Family History and Pelvic Organ Prolapse: a Systematic Review and Meta-analysis

Overview

Journal Int Urogynecol J

Publisher Springer

Specialties Gynecology & Obstetrics
Urology

Date 2020 Oct 21

PMID 33084962

Citations 8

Authors

Parisa Samimi

Sarah H Jones

Ayush Giri

Affiliations

Soon will be listed here.

Abstract

Introduction And Hypothesis: Numerous analytic observational studies assess family history as a risk factor for POP and report a wide range of associations. This review aims to systematically evaluate the role of family history of POP in relation to POP risk and its recurrence.

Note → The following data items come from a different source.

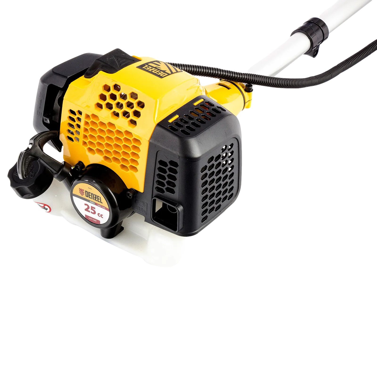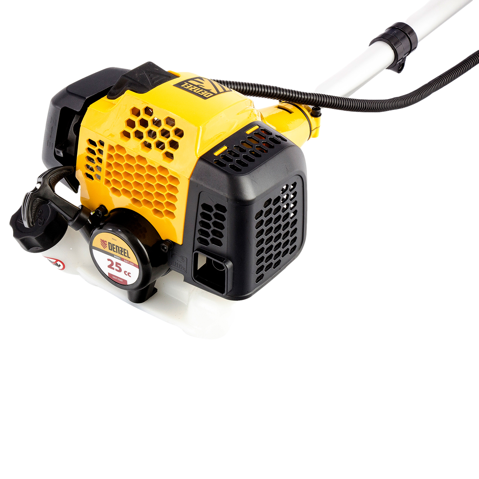 Бензиновый триммер Denzel DGT-250 96223 с двигателем объемом 25 см3 и мощностью 1,3 л. с., с неразъемной штангой, состоит из 2 частей. Комплектуется усиленной катушкой, трехлопастным ножом и пильным диском. Предназначен для подравнивания газона, скашивания травы различных типов, в том числе с жесткими стеблями (полыни, крапивы, лебеды), а также срезания борщевика, кустарника и молодых побегов деревьев с диаметром стволов до 10 мм. Удобен для работы в местах, недоступных для колесной косилки.
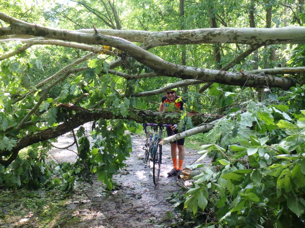 Our first ride was on the Holmes County trail. Parts of the trail were not passable because trees were down, but parts had already been expertly cleaned up with a chain saw and a blower. Anyone got a machete?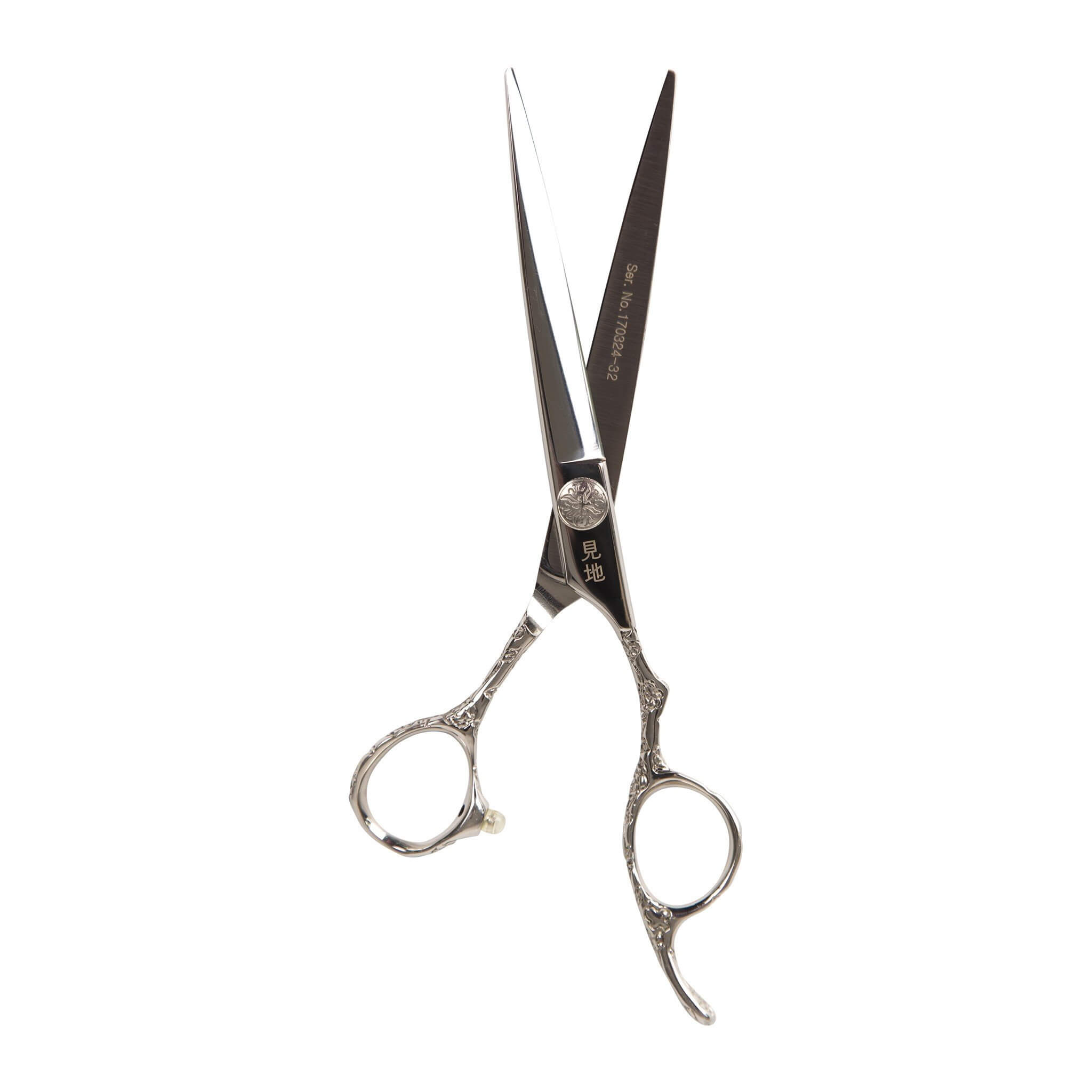 Kenchi Blade Kotaro professional scissor is designed and developed to incredibly high standards. One of our most popular selling scissors with hairdressers and barbers. Vintage engraved ergonomic offset handle with a fixed finger rest for comfort and control. Adjustable durable tension system. Premium rubber stopper. 440C Japanese 3D convex edge scissor.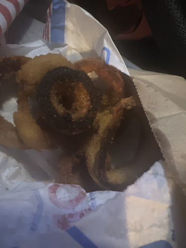 I ordered 3 different burgers, med Fry. Med. Drink, And an order Mozz Sticks. That was supposed to be the whole order. The guy taking my order was rude, obviously tired from the day but its still your job to take my FULL order. I was rang up for a med. Mozzarella stick, 2 Burgers, Med. Drink, and a Med. Jumbo popcorn chicken. I tried to correct it, He cut me off halfway and submitted the order and gave me the total even though I said I wasn't done with my order and needed it fixed. so I waited till the carhop came so I could explain the situation.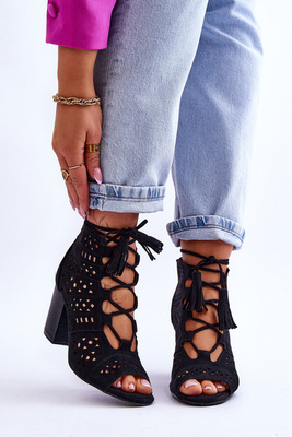 Wygodne Zamszowe Sandały Na Masywnym Słupku Czarne Elishia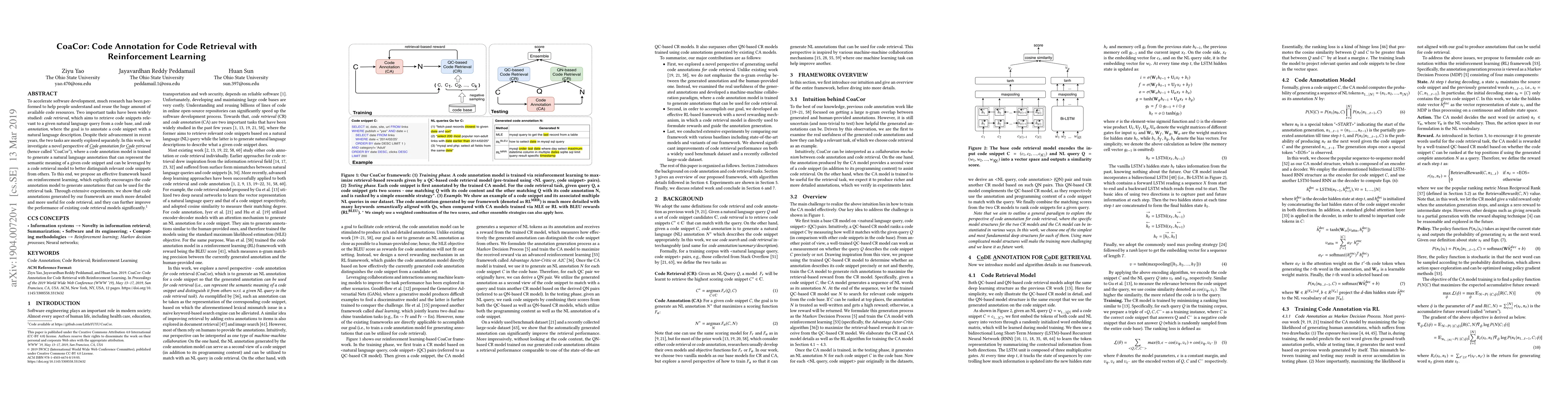 This paper introduces CoaCor, a framework using reinforcement learning to enhance code annotation for improved code retrieval. The proposed method trains annotation models to generate detailed natural language descriptions that aid in distinguishing relevant code snippets, significantly boosting existing code retrieval performance.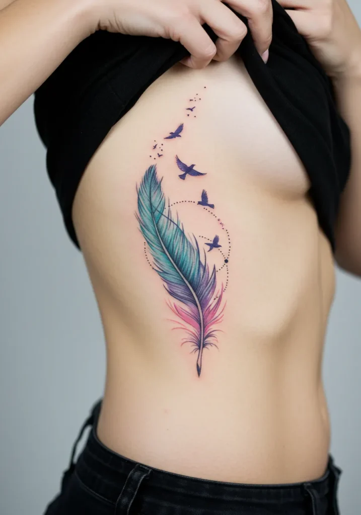This stunning tattoo features a vibrant feather in soft pastel shades of teal and pink, with delicate, intricate details that add a graceful touch. The feather is the focal point, extending down the arm with fine lines that create a light and airy feel. Tiny birds are depicted flying away from the feather, trailing behind them dotted lines that enhance the sense of movement and freedom. The design flows organically down the side, making it both visually striking and subtly feminine.

Methods: A review was performed of the PubMed/MEDLINE database with search criteria specifying family history, risk factors, POP, and their synonyms as title/abstract keywords, as well as MESH terms, up to March 2020. We aggregated evidence across studies with fixed effects (FE) and random effects (RE) meta-analysis.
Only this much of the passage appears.